In vision Transformers, atypical backgrounds induce contextual bias, undermining model robustness and interpretability. To address this, we propose a two-stage differentiable binary attention framework: first, it localizes task-relevant image regions; second, it enforces prediction exclusively from these regions via an end-to-end learned binary mask, effectively suppressing background interference. Our core contributions are (i) intrinsic faithfulness of attention maps—attention weights directly and exclusively govern input visibility—and (ii) a joint optimization mechanism that synergistically enhances region discovery and focused prediction. Evaluated on object-centric tasks—including fine-grained recognition and joint localization-classification—the method significantly improves robustness against spurious correlations and out-of-distribution backgrounds, while boosting localization accuracy and prediction consistency.
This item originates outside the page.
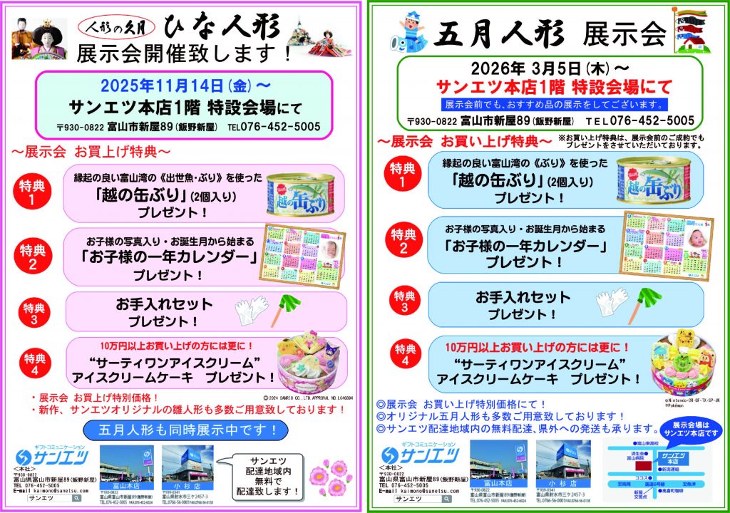 サンエツにてひな人形・五月人形をお買い上げの方には、サンエツならではの素敵なプレゼントもご用意しております!

We introduce an attention-based method that uses learned binary attention masks to ensure that only attended image regions influence the prediction. Context can strongly affect object perception, sometimes leading to biased representations, particularly when objects appear in out-of-distribution backgrounds. At the same time, many image-level object-centric tasks require identifying relevant regions, often requiring context. To address this conundrum, we propose a two-stage framework: stage 1 processes the full image to discover object parts and identify task-relevant regions, while stage 2 leverages input attention masking to restrict its receptive field to these regions, enabling a focused analysis while filtering out potentially spurious information. Both stages are trained jointly, allowing stage 2 to refine stage 1. Extensive experiments across diverse benchmarks demonstrate that our approach significantly improves robustness against spurious correlations and out-of-distribution backgrounds.